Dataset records
═══

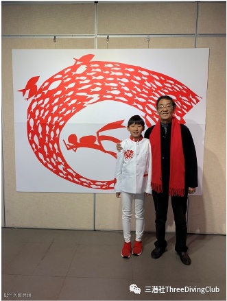 从此潜水让我爱上了大海,在2019年的上海小囡剪纸展,我用意训堂老师们教的本领,做了一幅海派文化剪纸作品“潜水”我和大海里的鱼群,我的灵感来自于墨宝潜水时的沙丁鱼鱼群。这幅作品得到了大师朱立群老师的赞赏。
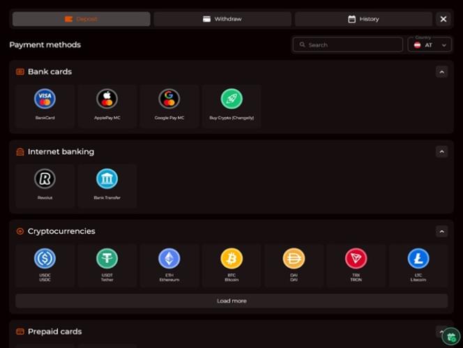 在这里,您可以尝试赌场游戏,例如轮盘赌、二十一点、百家乐、视频扑克、真人娱乐场选项、老虎机、崩溃、即时赢、基诺、彩票、宾果游戏、刮刮卡、虚拟体育等。
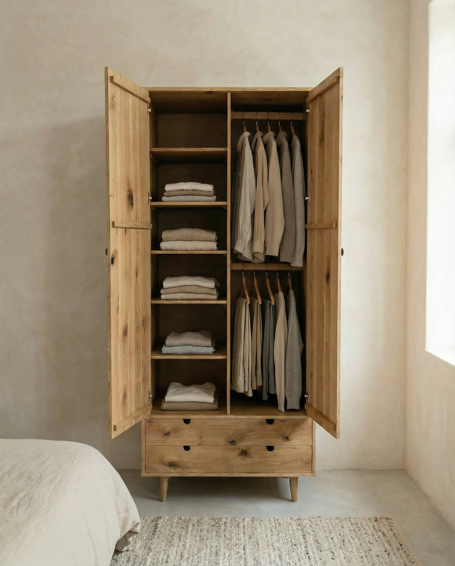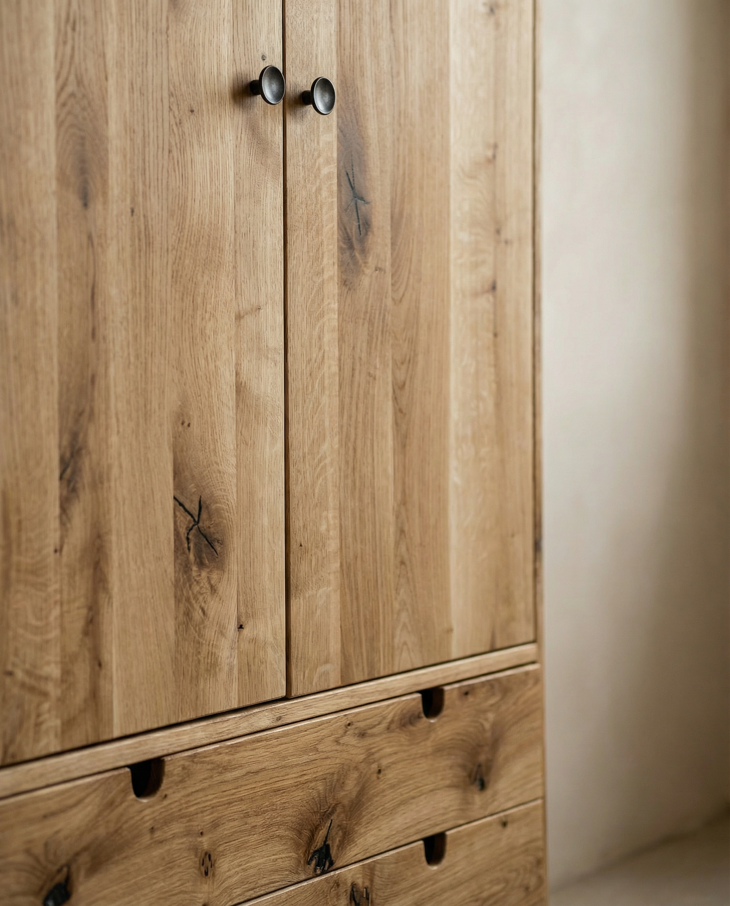 Dulapul din lemn masiv de stejar în stil nordic scandinav emană simplitate și eleganță funcțională. Este o piesă de mobilier deosebit de rafinată, cu detalii minimaliste și o atenție deosebită pentru calitatea materialelor și finisajelor.
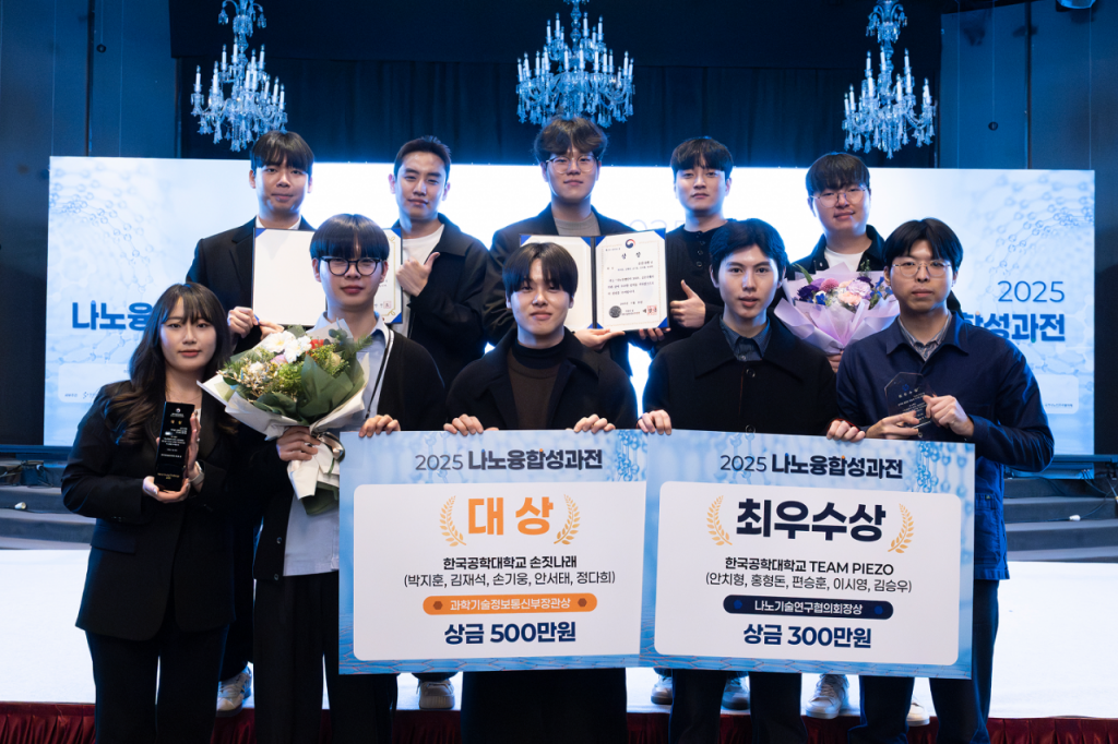 한국공학대학교 반도체공학부 학생들이 '2025 나노융합성과전'의 대표 프로그램인 '나노영챌린지'에서 대상(과학기술정보통신부 장관상)과 최우수상(나노기술연구협회장상)을 받았다.
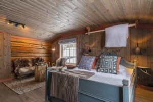 Holzpanele an den Wänden und ein Blocktisch aus dem lokalen Wald, Elch- und Rentiergeweihe. Sitzgruppe mit warmen Wildschafsfellen und guter Leselampe. Haben Sie eine Almsuite gebucht, ist der Zugang zu Whirlpool und Saunas in der Kultursauna inklusive.
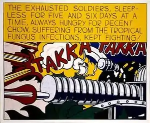 Lichtenstein was a trained United States Army pilot, draftsman and artist as well as a World War II (WWII) veteran who never saw active combat.[3][4] The work depicts a machine gun firing as it is situated above the camouflage of palm fronds during the Battle of Guadalcanal. The image shows shell casings and a grenade in mid flight. An explosion is stylized with the titular phrase.[2] The source of Takka Takka is the comic book Battlefield Action #40 (February 1962, Charlton Comics Group).[5]
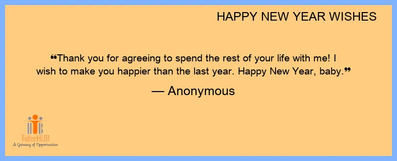 Thank you for agreeing to spend the rest of your life with me! I wish to make you happier than the last year. Happy New Year, baby.
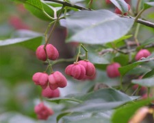 秋の果実の色は品種により白、薄紅、濃紅と異なるが、どれも熟すと果皮が四つに割れ、鮮烈な赤い種子が四つ現われる。
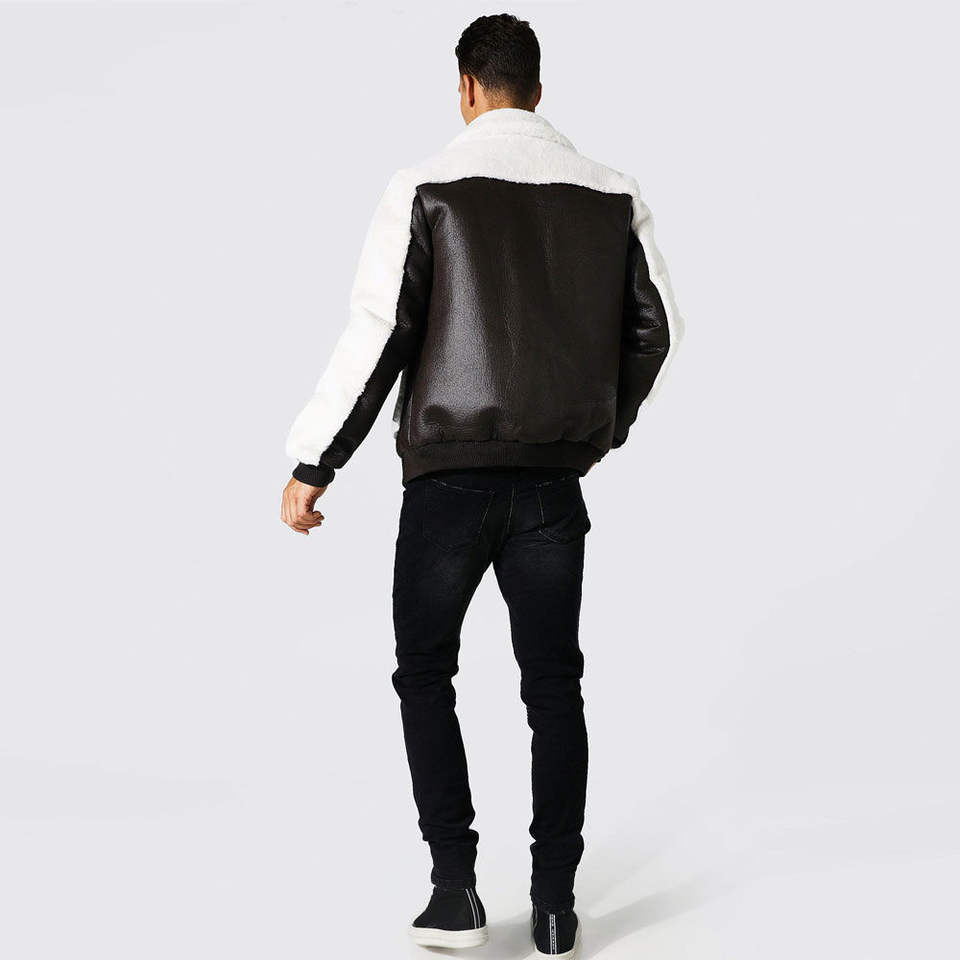 เสื้อแจ็กเก็ตหนังนิ่มบุขนแกะสไตล์นักบิน
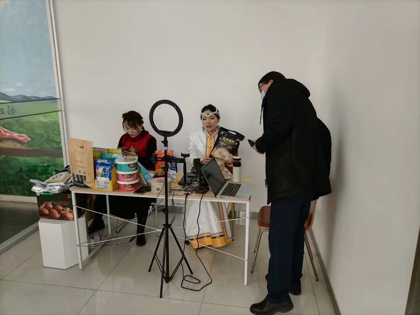 粉丝量稳定住了,直播带货也就有了受众。王宁一边拍摄短视频吸引粉丝,一边自己购买专业设备练习直播带货,同时采取多种形式挖掘旗内电商人才,邀请后旗明星成立了直播代言团队。
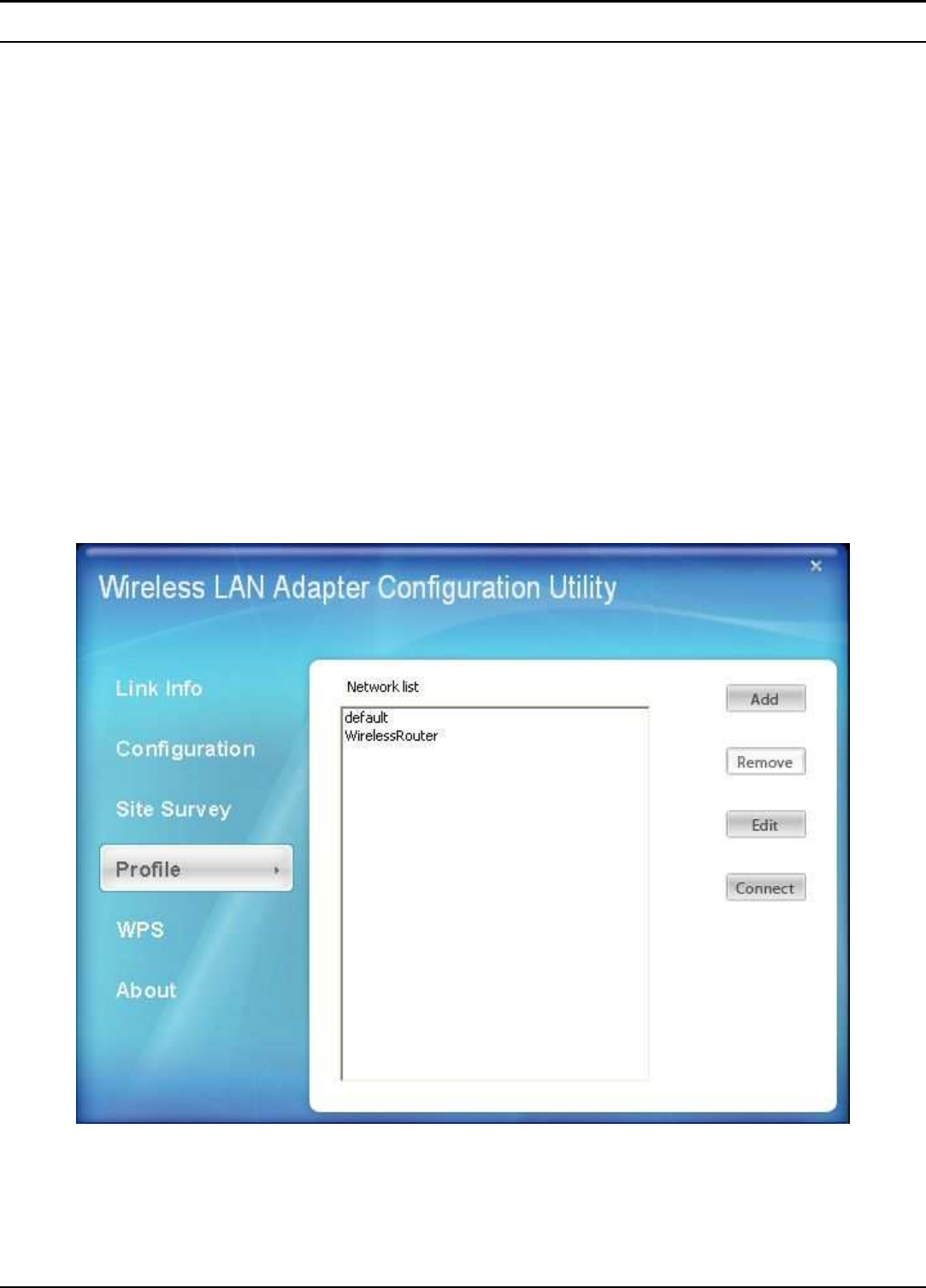 Edit: Edit an exist profile. The screen will back to profile. Edit the SSID and select
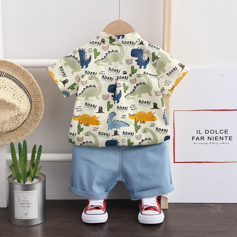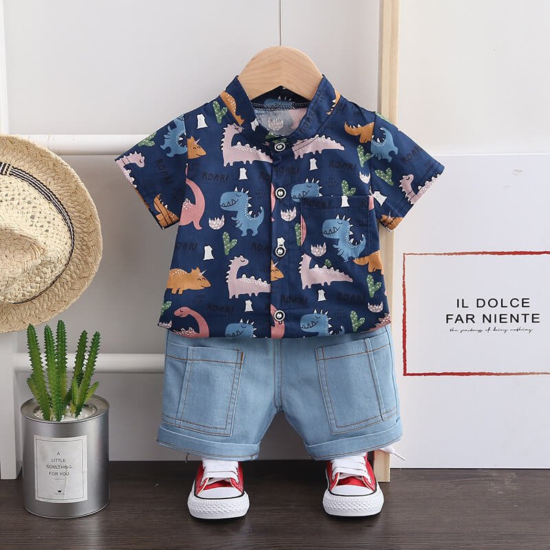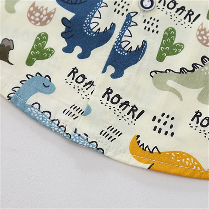 Cartoon Printing Short Sleeve Shirt And Solid Color Shorts Set

═══

= Activity =
Transcribe each of the records above precisely, with no pictures in the copy.

= Written response =
 从此潜水让我爱上了大海,在2019年的上海小囡剪纸展,我用意训堂老师们教的本领,做了一幅海派文化剪纸作品“潜水”我和大海里的鱼群,我的灵感来自于墨宝潜水时的沙丁鱼鱼群。这幅作品得到了大师朱立群老师的赞赏。
 在这里,您可以尝试赌场游戏,例如轮盘赌、二十一点、百家乐、视频扑克、真人娱乐场选项、老虎机、崩溃、即时赢、基诺、彩票、宾果游戏、刮刮卡、虚拟体育等。
 Dulapul din lemn masiv de stejar în stil nordic scandinav emană simplitate și eleganță funcțională. Este o piesă de mobilier deosebit de rafinată, cu detalii minimaliste și o atenție deosebită pentru calitatea materialelor și finisajelor.
 한국공학대학교 반도체공학부 학생들이 '2025 나노융합성과전'의 대표 프로그램인 '나노영챌린지'에서 대상(과학기술정보통신부 장관상)과 최우수상(나노기술연구협회장상)을 받았다.
 Holzpanele an den Wänden und ein Blocktisch aus dem lokalen Wald, Elch- und Rentiergeweihe. Sitzgruppe mit warmen Wildschafsfellen und guter Leselampe. Haben Sie eine Almsuite gebucht, ist der Zugang zu Whirlpool und Saunas in der Kultursauna inklusive.
 Lichtenstein was a trained United States Army pilot, draftsman and artist as well as a World War II (WWII) veteran who never saw active combat.[3][4] The work depicts a machine gun firing as it is situated above the camouflage of palm fronds during the Battle of Guadalcanal. The image shows shell casings and a grenade in mid flight. An explosion is stylized with the titular phrase.[2] The source of Takka Takka is the comic book Battlefield Action #40 (February 1962, Charlton Comics Group).[5]
 Thank you for agreeing to spend the rest of your life with me! I wish to make you happier than the last year. Happy New Year, baby.
 秋の果実の色は品種により白、薄紅、濃紅と異なるが、どれも熟すと果皮が四つに割れ、鮮烈な赤い種子が四つ現われる。
 เสื้อแจ็กเก็ตหนังนิ่มบุขนแกะสไตล์นักบิน
 粉丝量稳定住了,直播带货也就有了受众。王宁一边拍摄短视频吸引粉丝,一边自己购买专业设备练习直播带货,同时采取多种形式挖掘旗内电商人才,邀请后旗明星成立了直播代言团队。
 Edit: Edit an exist profile. The screen will back to profile. Edit the SSID and select
 Cartoon Printing Short Sleeve Shirt And Solid Color Shorts Set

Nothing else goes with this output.